Data ::
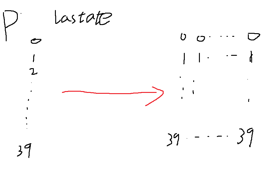 laststate 就是前面一天 表现为yi的概率 。 长度是39 代表了每一类。但是这里有 reshape(39,1) 就表示变成了39行。 transtabnle是一个39乘以39的矩阵。这两个矩阵相加,就要对latestate进行行扩充。 下面的0 就表示 预测值为0的概率。
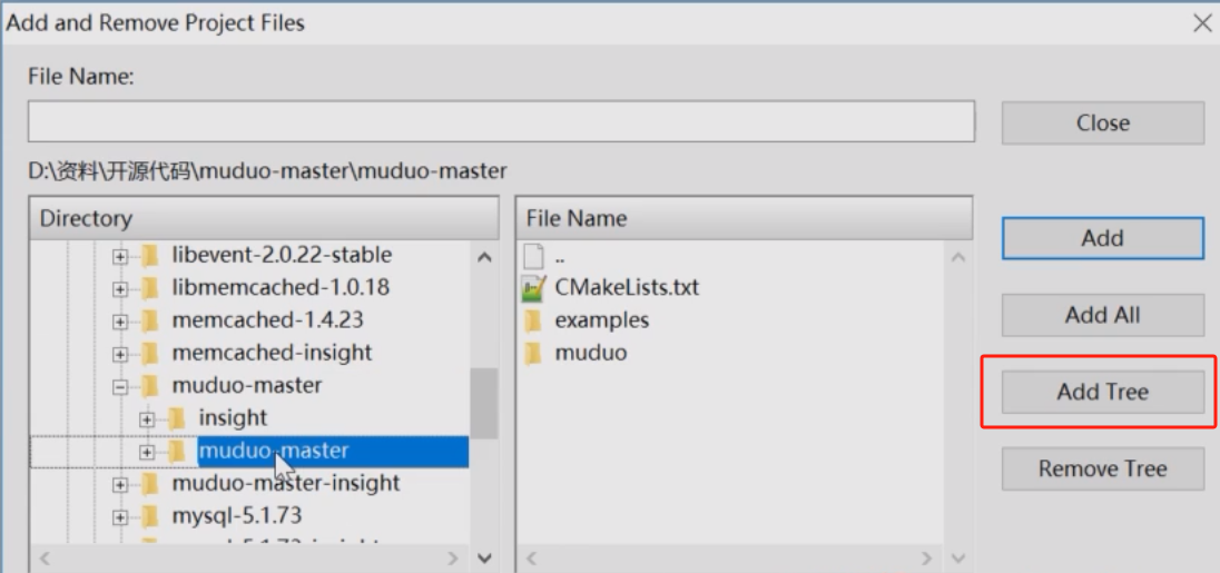 - 出现Add and Remove Project Files窗口,点击源码根文件夹,再点击右侧边的Add Tree按钮。添加完成后,Close此窗口即可。
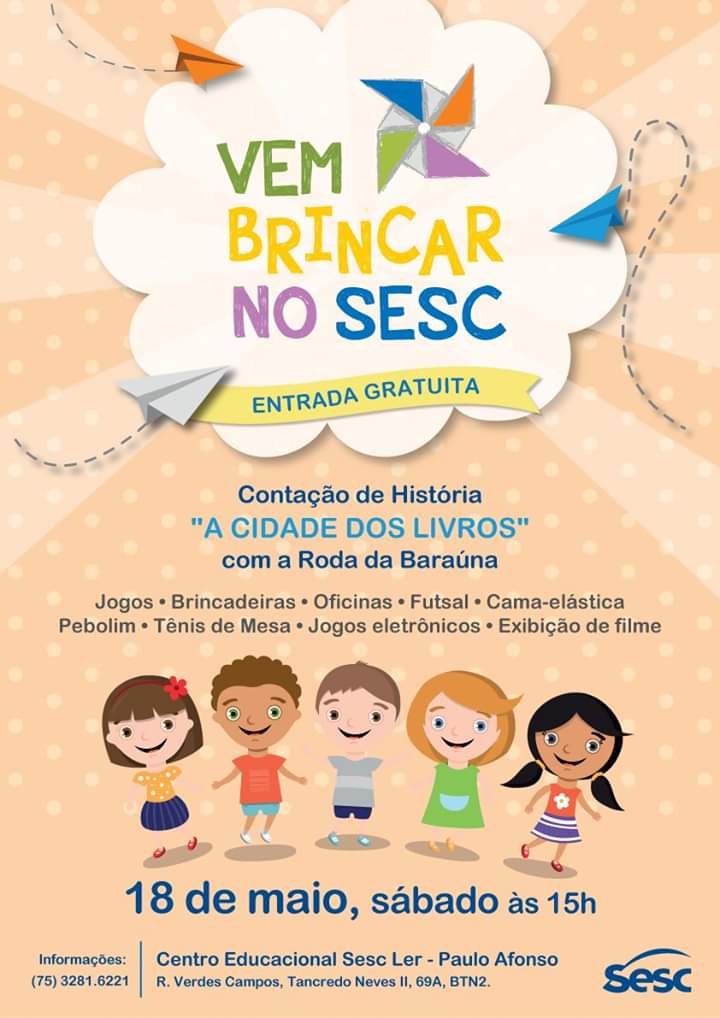 18 de maio (sábado), às 15h, no Sesc Paulo Afonso – BTN 2. ENTRADA FRANCA!

To do :: Word for word, reproduce the listing above; no image should be carried over.

Solution to this problem ::
 laststate 就是前面一天 表现为yi的概率 。 长度是39 代表了每一类。但是这里有 reshape(39,1) 就表示变成了39行。 transtabnle是一个39乘以39的矩阵。这两个矩阵相加,就要对latestate进行行扩充。 下面的0 就表示 预测值为0的概率。
 - 出现Add and Remove Project Files窗口,点击源码根文件夹,再点击右侧边的Add Tree按钮。添加完成后,Close此窗口即可。
 18 de maio (sábado), às 15h, no Sesc Paulo Afonso – BTN 2. ENTRADA FRANCA!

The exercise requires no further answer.